09.10.2023 | European Energy Markets Monthly, September 2023
The bearish weather conditions through which Europe navigated September improved its energy outlook and mitigated winter supply risks.
On the demand side, record-high average temperatures pushed back the start of the heating season to October, contributing to persistently weak demand. On the supply side, meanwhile, strong precipitation in the Nordics bolstered hydro balances, surpassing long-term averages. Adding to the positive supply outlook, EDF managed to swiftly increase French nuclear production, significantly exceeding last year’s September levels. This development raised optimism among market participants regarding the French nuclear fleet’s performance during the coming winter, thus eroding the nuclear-related risk premium on French winter contracts.

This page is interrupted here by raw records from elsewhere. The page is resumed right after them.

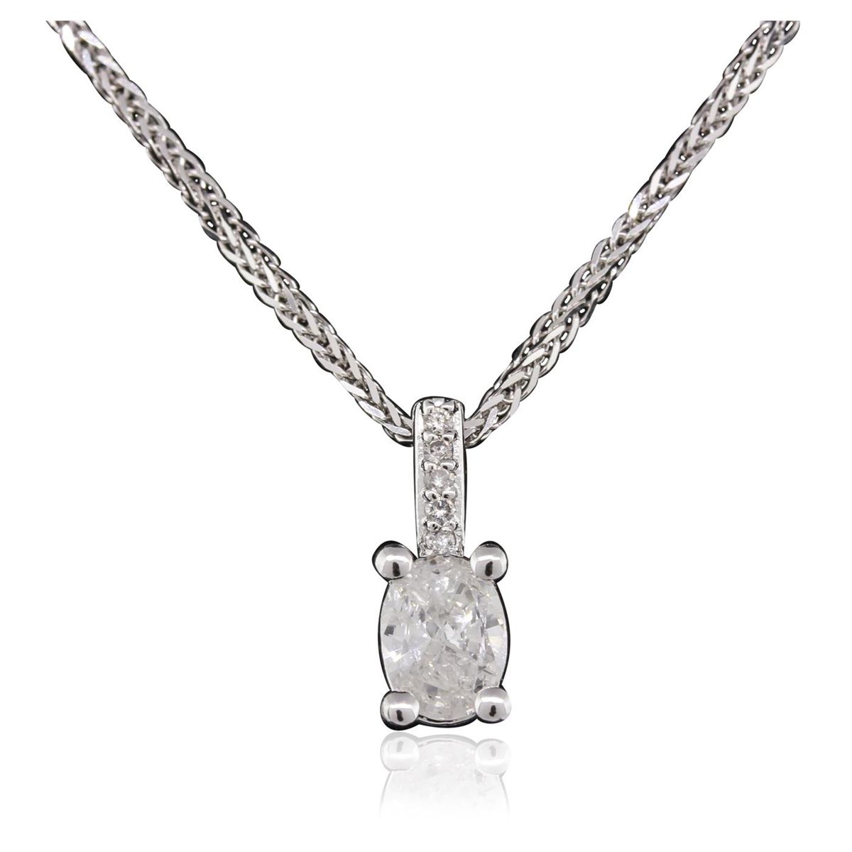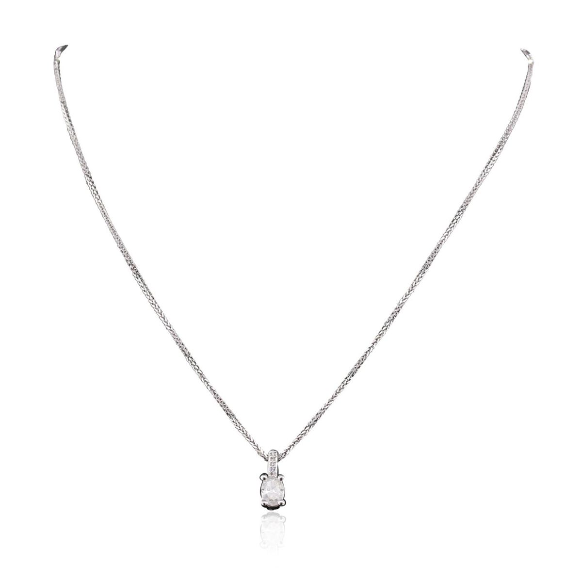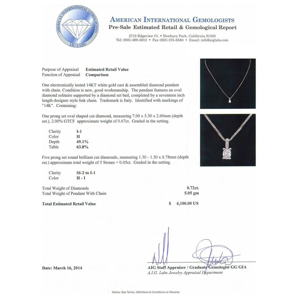 One electronically tested 14KT white gold cast & assembled diamond pendant with chain. Condition is new, good workmanship. The pendant features an oval diamond solitaire supported by a diamond set bail, completed by a seventeen inch length designer style link chain. Trademark is Italy. Identified with markings of "14K". Containing: One prong set oval shaped cut diamond, measuring 7.00 x 5.30 x 2.60mm (depth est.), 2.00.%. GTCF approximate weight of 0.67ct. Graded in the setting. Clarity: I-1. Color: H Depth 49.1%. Table 63.8%. Five prong set round brilliant cut diamonds, measuring 1.30 - 1.30 x 0.78mm (depth est.) approximate. Total Weight of 5 Stones = 0.05ct. Graded in the setting. Clarity: SI-2 to I-1. Color: H - I. Total Weight of Diamonds 0.72ct. Total Weight of Pendant With Chain 5.05 grams. AIG Appraised at $4,100.00.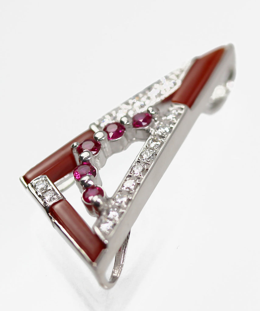 上品かつシックな雰囲気を醸し出す珊瑚と、華やかなルビーR0.24と輝くダイヤモンド0.23の絶妙なバランスが、ジュエリーに独自の魅力を与えています。
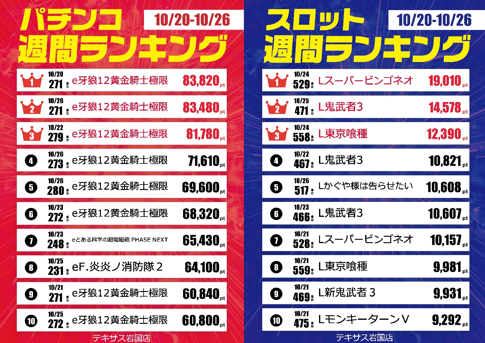 | 稼働台数 | パチンコ320台 / パチスロ240台 |

On the fuel side, Australian LNG labour strikes initially generated an excessive European gas risk premium, anticipating potential losses to LNG supply. Although this risk failed to materialise, a significant reduction in Norwegian supply impeded stockbuild momentum, leading to higher gas prices through the month. Meanwhile, coal prices increased, driven by record-high imports to China which, during August, accounted for more than 40 per cent of the global market. This surge can be attributed to uncertainties surrounding domestic coal production, marked by increased inspections. Additionally, it corresponds with the growth of steel exports and robust demand from the power sector amid high temperatures and reduced hydro production. Another contributing factor was Russia’s announcement of an additional tax on coal exports, which poses a potential threat to the remaining price competitiveness of Russian coal. South Korea’s strategic shift to diversify away from Russian coal adds another factor to the evolving coal landscape, intensifying global competition for non-Russian coal resources.
In the carbon market, subdued industrial production, improved French nuclear production and elevated Nordic hydro balances dampened demand for emissions certificates, offsetting the more favourable position of coal compared to gas plants in the merit order curve. Meanwhile, the UK’s lacklustre industrial and power sector activities significantly curtailed emissions, exerting a persistent downward pressure on UKA futures prices. This is further exacerbated by the absence of a mechanism similar to the European Union’s Market Stability Reserve, which regulates the supply of emissions allowances. By contrast, oil prices surged to new peaks for the year, propelled by an extension of OPEC/OPEC+ export restrictions until December. Russia’s announcement of a ban on gasoline and diesel exports to most non-Former Soviet Union buyers also contributed to this bullish market sentiment.
Looking ahead, we anticipate that October will see sustained weak gas demand coupled with a significant increase in Norwegian supply. The persistent coal import activity into China may face challenges in sustaining momentum, particularly if its real estate sector continues to show weakness and winter weather conditions turn out to be milder than normal. Meanwhile, we maintain our view that the ratio of gas to coal prices will continue to be the primary underlying factor for EUAs in the coming months. At the same time, we are closely monitoring policy developments regarding the potential splitting of Germany’s electricity market bidding zone.